Segment Start: DATA SHOWN

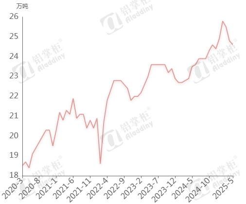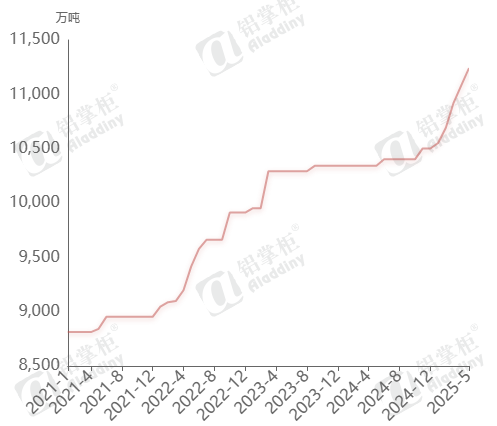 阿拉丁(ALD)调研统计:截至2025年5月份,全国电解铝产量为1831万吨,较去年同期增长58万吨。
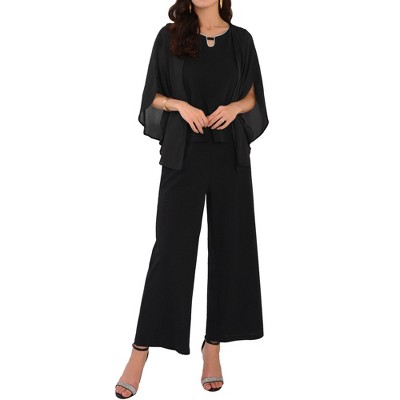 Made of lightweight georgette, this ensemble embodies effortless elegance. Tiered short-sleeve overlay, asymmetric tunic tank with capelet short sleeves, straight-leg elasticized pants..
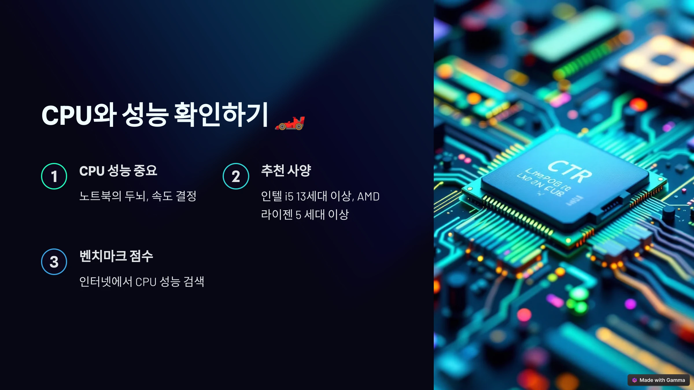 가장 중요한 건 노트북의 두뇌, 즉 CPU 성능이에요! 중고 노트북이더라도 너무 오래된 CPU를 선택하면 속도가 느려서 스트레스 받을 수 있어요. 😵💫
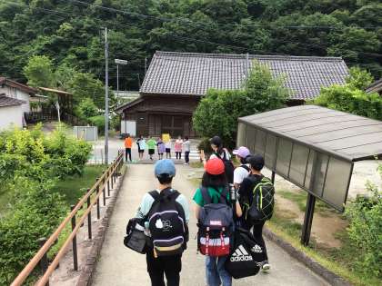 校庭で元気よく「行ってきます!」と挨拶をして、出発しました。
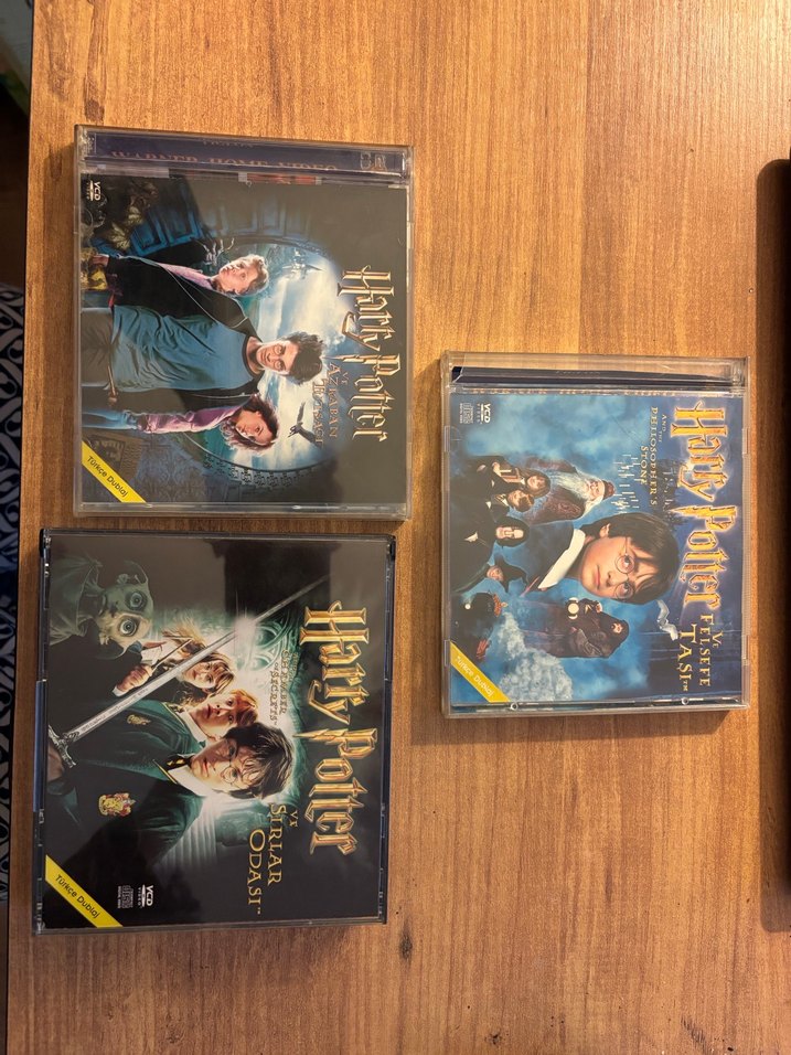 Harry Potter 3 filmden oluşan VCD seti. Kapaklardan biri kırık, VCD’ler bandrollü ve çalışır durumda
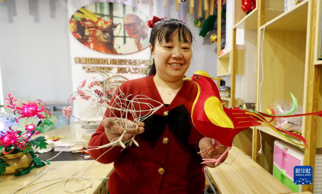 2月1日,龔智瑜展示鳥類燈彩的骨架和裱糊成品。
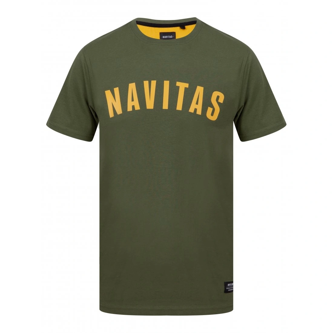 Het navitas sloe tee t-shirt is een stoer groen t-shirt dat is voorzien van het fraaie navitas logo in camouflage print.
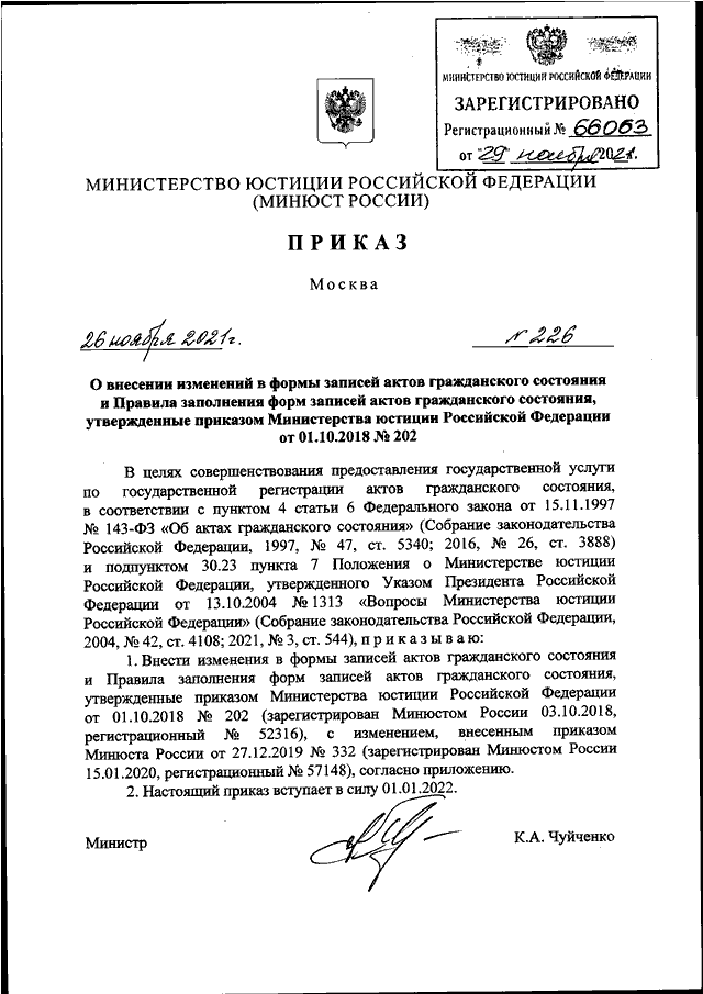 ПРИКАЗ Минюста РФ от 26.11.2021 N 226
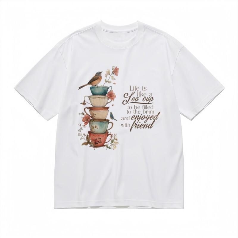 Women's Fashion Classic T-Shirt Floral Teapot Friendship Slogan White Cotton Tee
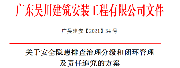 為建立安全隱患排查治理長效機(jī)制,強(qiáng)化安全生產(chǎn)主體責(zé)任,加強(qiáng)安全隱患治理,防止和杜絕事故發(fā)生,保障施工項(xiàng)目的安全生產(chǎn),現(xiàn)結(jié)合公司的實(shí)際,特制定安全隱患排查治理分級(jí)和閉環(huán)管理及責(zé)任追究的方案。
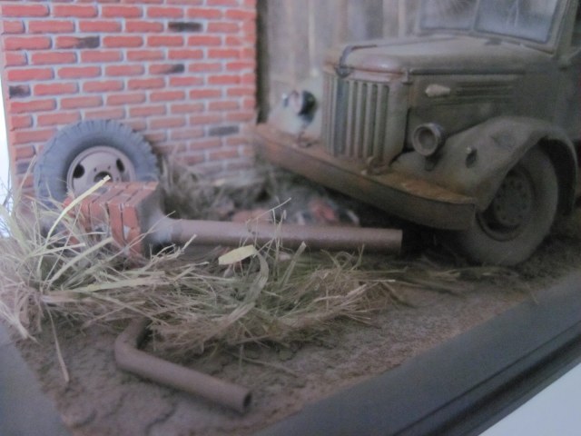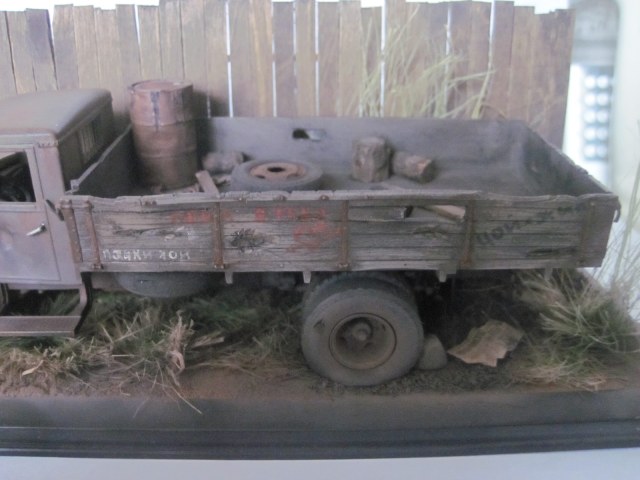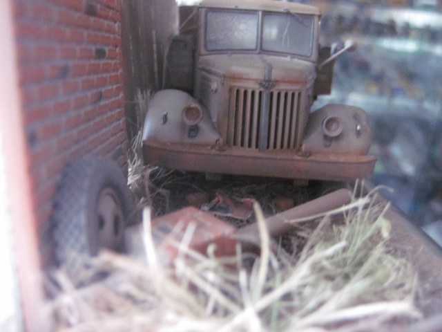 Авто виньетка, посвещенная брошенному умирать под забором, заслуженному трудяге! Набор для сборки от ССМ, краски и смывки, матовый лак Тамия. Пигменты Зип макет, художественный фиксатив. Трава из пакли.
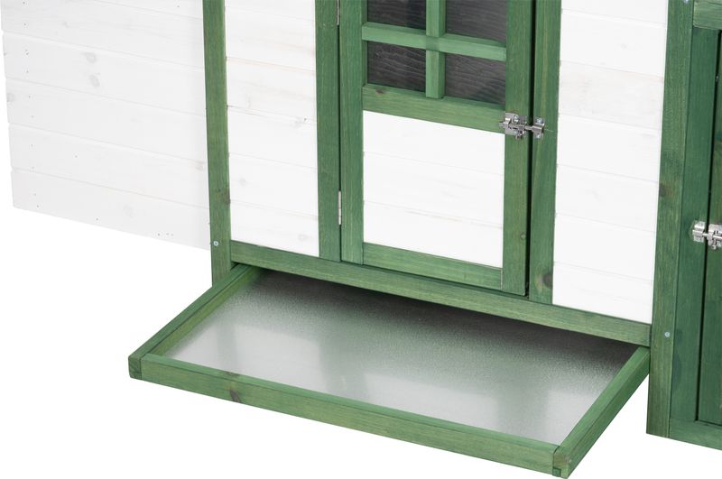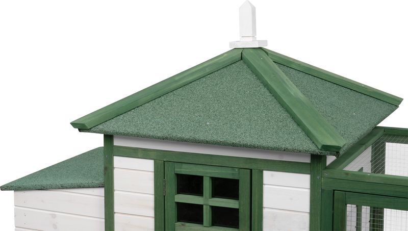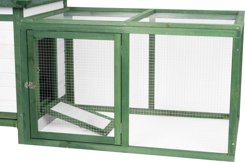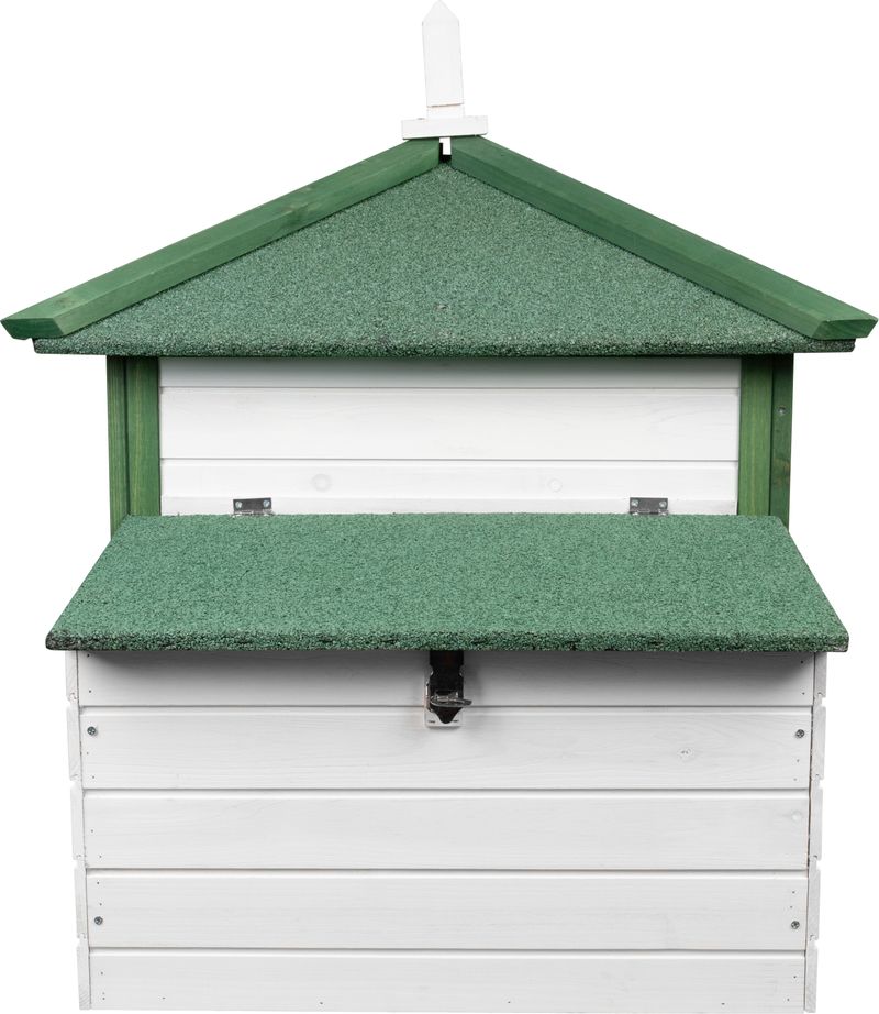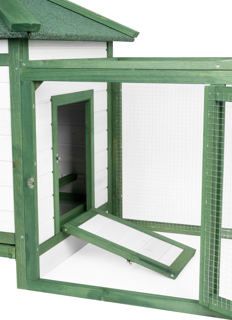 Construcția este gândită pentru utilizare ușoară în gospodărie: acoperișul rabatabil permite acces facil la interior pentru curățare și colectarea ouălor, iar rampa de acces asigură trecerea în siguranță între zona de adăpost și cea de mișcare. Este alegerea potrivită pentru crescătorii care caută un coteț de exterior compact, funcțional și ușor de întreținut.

Segment End: DATA SHOWN

Nothing but the lines from the one with "2月1日,龔智瑜展示鳥類燈彩的骨架和裱糊成品。" to the one with "Авто виньетка, посвещенная" above, both included, should be transcribed, exactly and without pictures.

 2月1日,龔智瑜展示鳥類燈彩的骨架和裱糊成品。
 Het navitas sloe tee t-shirt is een stoer groen t-shirt dat is voorzien van het fraaie navitas logo in camouflage print.
 ПРИКАЗ Минюста РФ от 26.11.2021 N 226
 Women's Fashion Classic T-Shirt Floral Teapot Friendship Slogan White Cotton Tee
 為建立安全隱患排查治理長效機(jī)制,強(qiáng)化安全生產(chǎn)主體責(zé)任,加強(qiáng)安全隱患治理,防止和杜絕事故發(fā)生,保障施工項(xiàng)目的安全生產(chǎn),現(xiàn)結(jié)合公司的實(shí)際,特制定安全隱患排查治理分級(jí)和閉環(huán)管理及責(zé)任追究的方案。
 Авто виньетка, посвещенная брошенному умирать под забором, заслуженному трудяге! Набор для сборки от ССМ, краски и смывки, матовый лак Тамия. Пигменты Зип макет, художественный фиксатив. Трава из пакли.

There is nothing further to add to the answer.